LIFO Cache Order: Most recently used buffers are cache-hot in CPU L3. Accessing them first improves cache utilization. This is a small detail that compounds across millions of requests.

First-Fit Over Best-Fit: Best-fit scans the pool to find the smallest suitable buffer. For I/O workloads with predictable buffer sizes, first-fit is O(1) in practice. Simpler and faster.

The API: Designed for Simplicity

use zeropool::BufferPool;

let pool = BufferPool::new(); // System-aware defaults

// Get a buffer
let buffer = pool.get(1024 * 1024);

// Use it for I/O
file.read_at(buffer, offset).await;

// Return it
pool.put(buffer);

No lifetimes, no generics, no configuration complexity unless you want it.

Advanced: Memory Pinning for Latency-Critical Workloads

For ultra-low-latency systems, pin buffers in RAM to prevent OS swapping:

let pool = BufferPool::builder()
    .pinned_memory(true) // Uses `mlock()`
    .build();

This prevents buffer memory from being swapped to disk, ensuring consistent latency. Useful for high-frequency trading systems, real-time audio/video processing, and security-sensitive workloads where swap leakage is a concern.
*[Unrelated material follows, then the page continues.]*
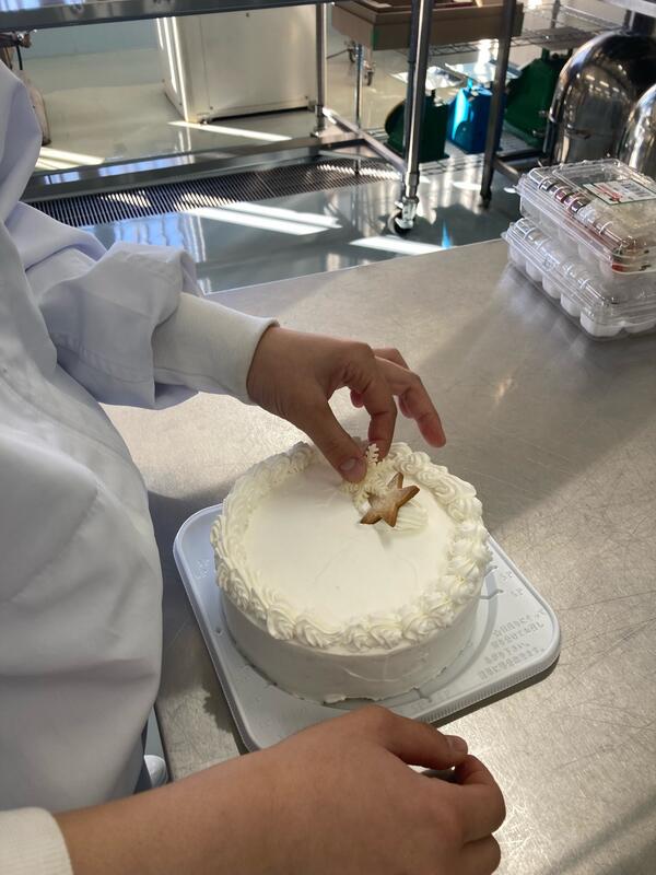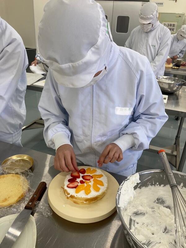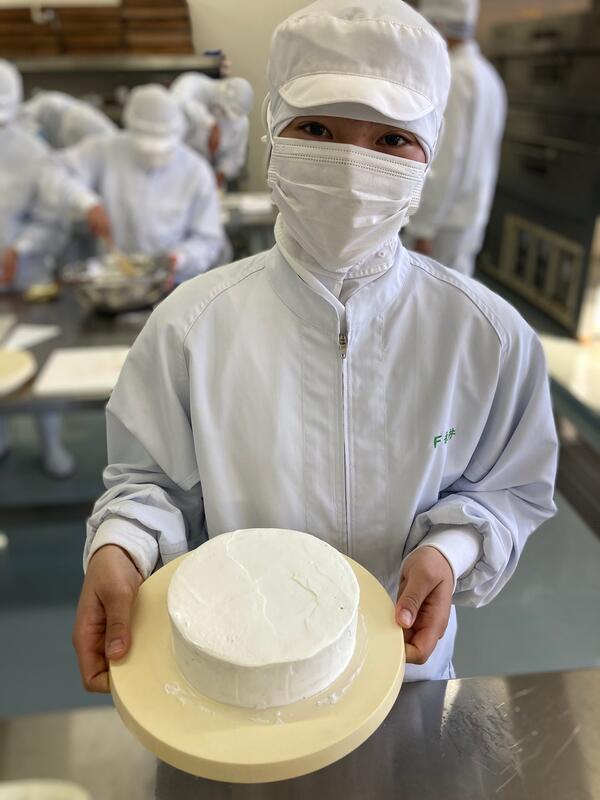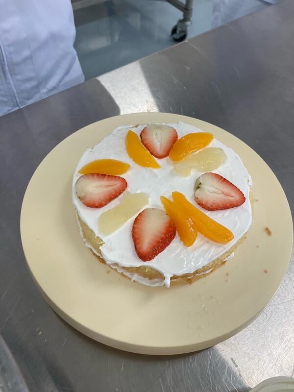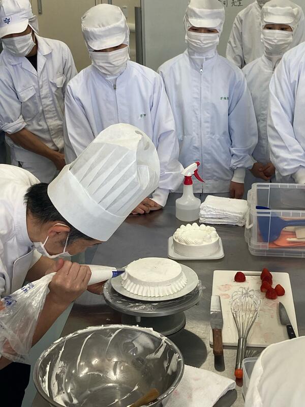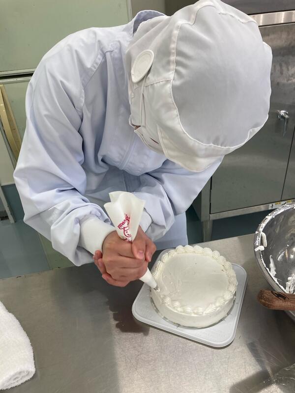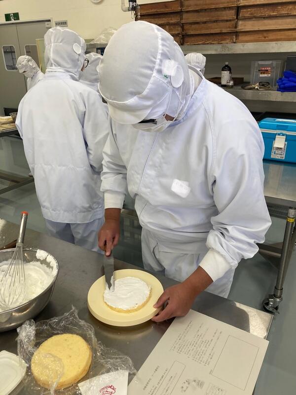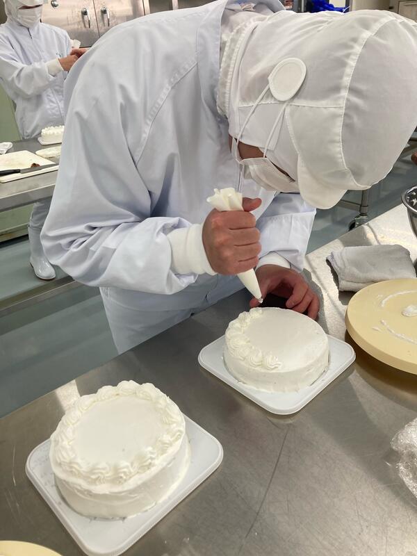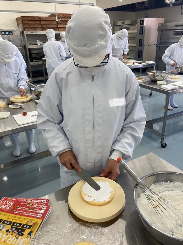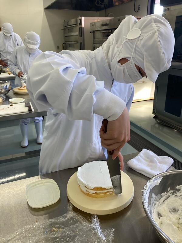 ここからが難しくもあり、大切なところです。上部に生クリームを薄く敷き、側面も整えていきます。先生方に教えてもらいながら丁寧に取り組みます。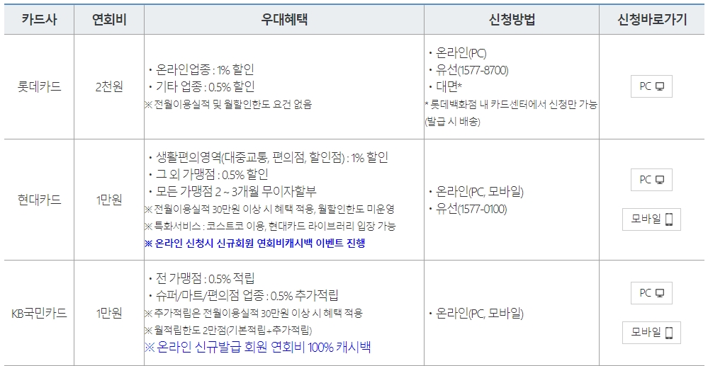 카드사별 연회비 및 혜택 등을 비교 후에 본인에게 가장 유리한 카드사에 카드(최대 1개)를 신청하기 바랍니다.

What This Experience Taught Me

Profile first, optimize second: I assumed io_uring was the bottleneck. Profiling showed the allocator was. Measurement beats intuition every single time.

Existing libraries aren't always the answer: Sometimes the 80% solution doesn't cover your 20%. Building from scratch isn't failure; it's pragmatism when the problem space is well-defined and your requirements are clear.
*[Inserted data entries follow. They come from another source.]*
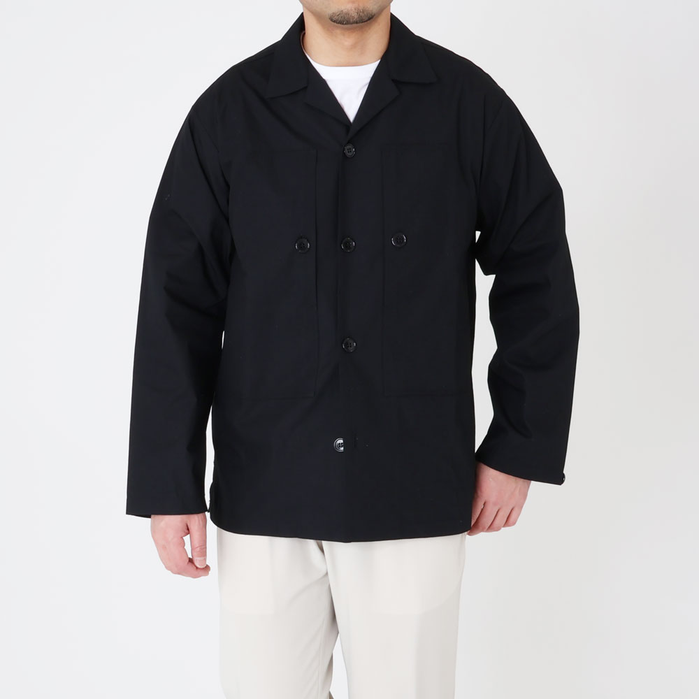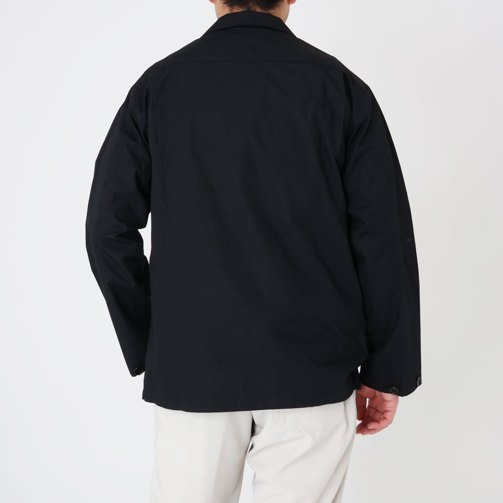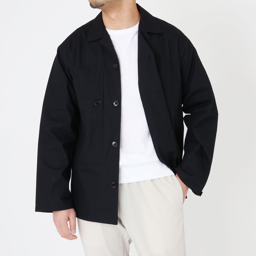 ・ミリタリーパンツのポケットからモチーフを得たような胸ポケットが目を惹くこちらはオープンカラーのシャツジャケット。直線的でゆとりあるパターンにより適度にオーバーサイズ感のあるシルエットを描きます。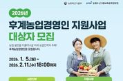 (포탈뉴스통신) 전남 강진군이 지난 5일부터 오는 2월 11일까지 ‘2026년 후계농업경영인 육성사업’ 신청자를 모집한다. ‘후계농업경영인 육성사업’은 농업 발전을 이끌 예비 농업인과 성장 가능성이 높은 농업경영인을 발굴해 자금 지원과 함께 교육, 컨설팅 등을 종합적으로 제공함으로써 안정적인 농업 경영체로 성장할 수 있도록 지원하는 사업이다. 신청 대상은 신청 연도 기준 18세 이상 50세 미만(1976년 1월 1일~2008년 12월 31일)으로, 영농 종사 경력이 없거나 10년 미만인 농업인이다. 지원조건으로는 대학의 농업 관련 학과 또는 농업계 고등학교를 졸업했거나, 시장·군수·구청장이 인정한 농업 교육기관에서 관련 교육을 이수한 자, 병역 미필자의 경우 2026년도 산업기능요원 편입 대상자이거나 군 복무를 마친 자 등이다. 특히, 이번 2026년도 사업 신청은 농림사업정보시스템(Agrix) 고도화에 따라 구축된 ‘농업e지’ 홈페이지를 통해 온라인으로만 접수가 진행된다. 신청 희망자는 해당 홈페이지에 신청서와 구비서류를 기한 내 제출해야 하며, 현장 방문 접수는 받지 않는다. &nb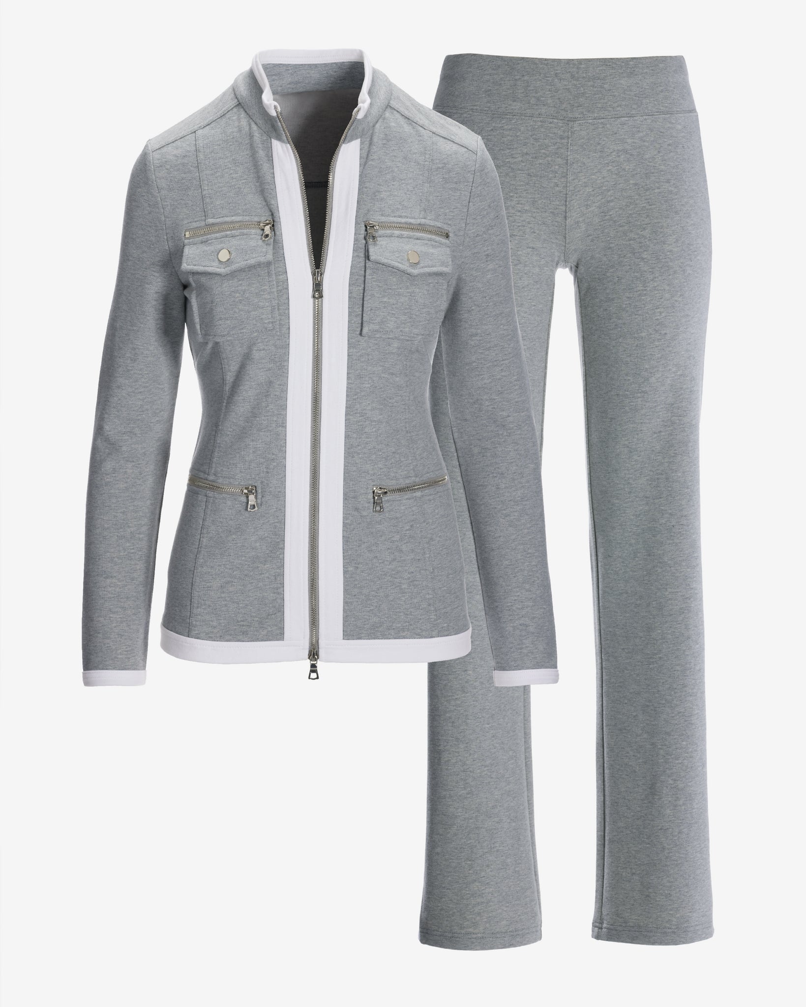 Chic Zippered Sport Coordinate Set Heather Gray/White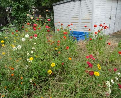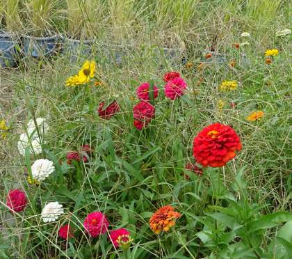 1年生のエリアには、色とりどりのマリーゴールドが咲いていました。
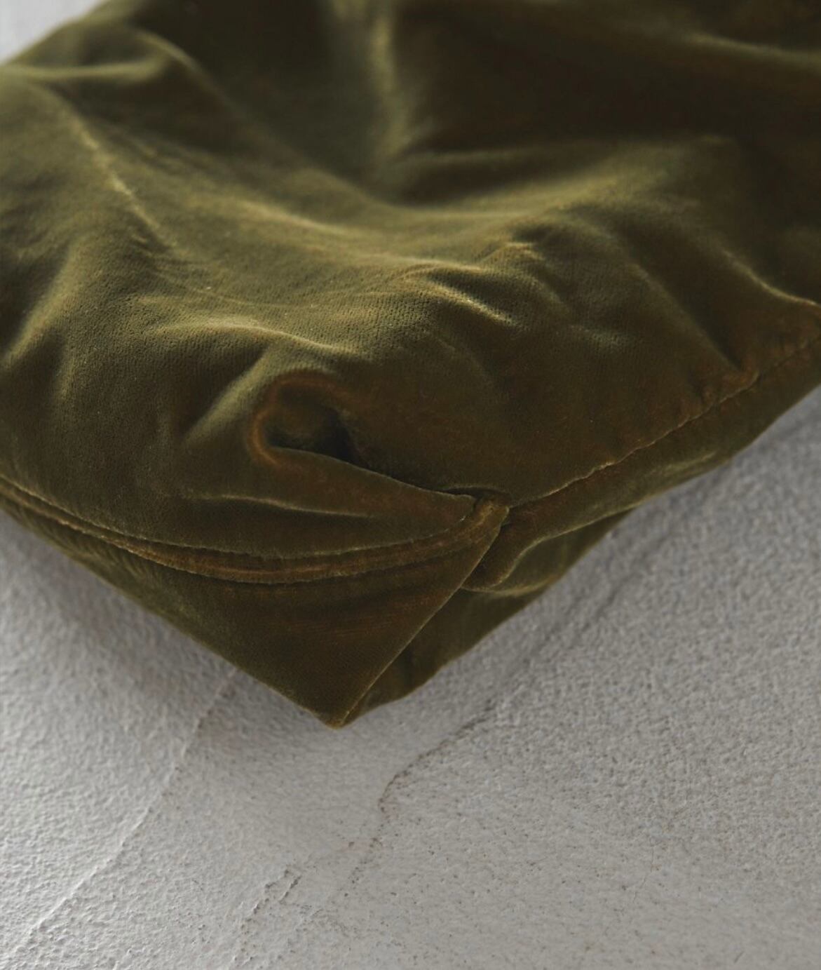 ほのかな光沢が美しいベルベット素材の巾着バッグ。程良く小ぶりなサイズ感が女性らしい手元を演出し、スタイリングに品のあるアクセントを添えます。結び目を効かせたハンドルや、エコレザーの別紐使いなど、細部にもこだわっています。必要最低限のものが収まる実用性も備えつつ、ラフに持ってもどこか上品にまとまるのも魅力。

Unsafe code is a tool with documentation requirements: Rust's safety guarantees are remarkable, but sometimes you step outside them. The key is rigorously documenting your safety invariants so future maintainers (or you, six months from now) understand exactly why the unsafe code is sound.

Thread-local storage is underrated: Lock-free data structures are genuinely hard to build correctly. Thread-local storage gives you lock-free behavior for free within a single thread. Use it aggressively.
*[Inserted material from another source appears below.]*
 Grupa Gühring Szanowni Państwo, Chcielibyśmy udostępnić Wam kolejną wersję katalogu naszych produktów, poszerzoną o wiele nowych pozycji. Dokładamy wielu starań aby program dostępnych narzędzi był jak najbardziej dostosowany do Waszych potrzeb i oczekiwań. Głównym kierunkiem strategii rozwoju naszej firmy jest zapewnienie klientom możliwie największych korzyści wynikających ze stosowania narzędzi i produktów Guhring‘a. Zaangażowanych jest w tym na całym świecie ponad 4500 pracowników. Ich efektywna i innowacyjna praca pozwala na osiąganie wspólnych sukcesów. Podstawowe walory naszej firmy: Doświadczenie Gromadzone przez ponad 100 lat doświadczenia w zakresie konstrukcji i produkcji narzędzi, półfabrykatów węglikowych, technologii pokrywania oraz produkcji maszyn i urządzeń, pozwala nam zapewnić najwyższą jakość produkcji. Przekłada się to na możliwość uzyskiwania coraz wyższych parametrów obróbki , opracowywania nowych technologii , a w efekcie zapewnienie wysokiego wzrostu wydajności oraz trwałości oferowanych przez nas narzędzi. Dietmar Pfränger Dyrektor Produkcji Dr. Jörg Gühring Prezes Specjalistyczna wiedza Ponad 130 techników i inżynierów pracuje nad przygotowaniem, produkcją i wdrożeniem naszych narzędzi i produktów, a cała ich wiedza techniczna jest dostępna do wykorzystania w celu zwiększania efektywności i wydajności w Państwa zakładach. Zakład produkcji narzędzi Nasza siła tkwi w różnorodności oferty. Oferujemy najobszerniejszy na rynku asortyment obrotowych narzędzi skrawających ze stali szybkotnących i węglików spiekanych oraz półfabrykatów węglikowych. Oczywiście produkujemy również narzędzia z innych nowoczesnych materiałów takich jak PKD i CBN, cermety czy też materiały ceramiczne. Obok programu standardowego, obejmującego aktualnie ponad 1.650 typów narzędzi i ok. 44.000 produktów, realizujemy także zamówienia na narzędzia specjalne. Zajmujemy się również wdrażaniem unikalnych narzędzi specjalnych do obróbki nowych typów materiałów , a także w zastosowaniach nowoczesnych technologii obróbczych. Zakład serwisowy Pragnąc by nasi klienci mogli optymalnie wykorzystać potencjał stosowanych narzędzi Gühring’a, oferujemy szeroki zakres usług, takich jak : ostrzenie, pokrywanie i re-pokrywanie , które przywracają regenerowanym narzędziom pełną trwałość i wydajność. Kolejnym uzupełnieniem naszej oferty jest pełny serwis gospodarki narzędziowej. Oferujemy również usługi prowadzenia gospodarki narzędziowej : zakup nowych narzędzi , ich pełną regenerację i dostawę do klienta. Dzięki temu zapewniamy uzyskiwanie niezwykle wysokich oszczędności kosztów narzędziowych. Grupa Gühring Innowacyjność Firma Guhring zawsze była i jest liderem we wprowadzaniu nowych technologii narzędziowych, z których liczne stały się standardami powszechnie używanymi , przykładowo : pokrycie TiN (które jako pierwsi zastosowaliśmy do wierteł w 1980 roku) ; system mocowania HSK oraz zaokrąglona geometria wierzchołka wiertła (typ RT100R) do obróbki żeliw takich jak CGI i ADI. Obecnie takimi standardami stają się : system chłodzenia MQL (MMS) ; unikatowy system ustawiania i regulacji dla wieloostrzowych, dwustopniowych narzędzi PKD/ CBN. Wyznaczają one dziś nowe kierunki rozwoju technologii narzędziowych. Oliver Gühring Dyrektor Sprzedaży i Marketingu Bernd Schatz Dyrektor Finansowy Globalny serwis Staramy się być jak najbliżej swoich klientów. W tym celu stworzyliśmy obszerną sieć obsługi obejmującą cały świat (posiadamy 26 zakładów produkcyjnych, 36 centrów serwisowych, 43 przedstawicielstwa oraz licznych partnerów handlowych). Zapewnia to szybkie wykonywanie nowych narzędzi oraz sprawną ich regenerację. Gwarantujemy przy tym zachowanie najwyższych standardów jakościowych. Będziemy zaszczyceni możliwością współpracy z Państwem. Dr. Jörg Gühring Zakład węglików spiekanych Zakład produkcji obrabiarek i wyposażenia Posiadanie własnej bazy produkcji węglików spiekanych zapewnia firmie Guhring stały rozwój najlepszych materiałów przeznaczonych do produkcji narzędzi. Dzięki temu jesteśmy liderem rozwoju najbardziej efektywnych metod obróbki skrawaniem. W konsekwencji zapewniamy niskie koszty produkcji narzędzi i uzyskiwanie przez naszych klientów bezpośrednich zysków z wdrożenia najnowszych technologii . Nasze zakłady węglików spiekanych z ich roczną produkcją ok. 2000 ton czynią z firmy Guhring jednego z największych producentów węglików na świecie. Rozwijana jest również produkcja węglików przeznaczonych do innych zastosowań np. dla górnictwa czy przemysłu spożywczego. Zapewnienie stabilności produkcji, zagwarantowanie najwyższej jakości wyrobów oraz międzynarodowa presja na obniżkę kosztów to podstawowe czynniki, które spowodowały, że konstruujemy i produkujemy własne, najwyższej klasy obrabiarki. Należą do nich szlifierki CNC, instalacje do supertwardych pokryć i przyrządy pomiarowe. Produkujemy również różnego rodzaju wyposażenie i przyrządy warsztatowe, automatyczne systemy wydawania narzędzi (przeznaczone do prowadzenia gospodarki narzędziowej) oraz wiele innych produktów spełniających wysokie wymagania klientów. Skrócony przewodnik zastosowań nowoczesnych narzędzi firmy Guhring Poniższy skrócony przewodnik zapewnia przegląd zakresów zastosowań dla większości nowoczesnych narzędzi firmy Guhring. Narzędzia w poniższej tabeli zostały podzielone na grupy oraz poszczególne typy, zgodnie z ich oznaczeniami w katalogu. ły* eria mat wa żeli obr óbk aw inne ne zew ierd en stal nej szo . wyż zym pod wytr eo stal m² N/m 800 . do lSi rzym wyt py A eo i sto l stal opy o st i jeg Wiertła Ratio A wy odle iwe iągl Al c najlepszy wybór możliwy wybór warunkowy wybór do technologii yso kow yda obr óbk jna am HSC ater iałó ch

Power-of-2 everything: If your size or count can be a power of 2, make it one. You unlock bitwise operations, cache alignment, and compiler optimizations that simply aren't available otherwise.

Try It Yourself

ZeroPool is on crates.io:

cargo add zeropool

Source: github.com/botirk38/zeropool

Run the benchmarks yourself:

git clone https://github.com/botirk38/zeropool
cd zeropool
cargo bench

What's Next

Ideas in exploration:

  • Async get() API for backpressure control when pool exhaustion occurs
  • Size-class buckets to maintain separate pools for different buffer ranges
  • NUMA awareness for multi-socket systems
  • Custom allocator support (jemalloc, mimalloc)

For now, ZeroPool does exactly one thing: get out of the way and let io_uring fly.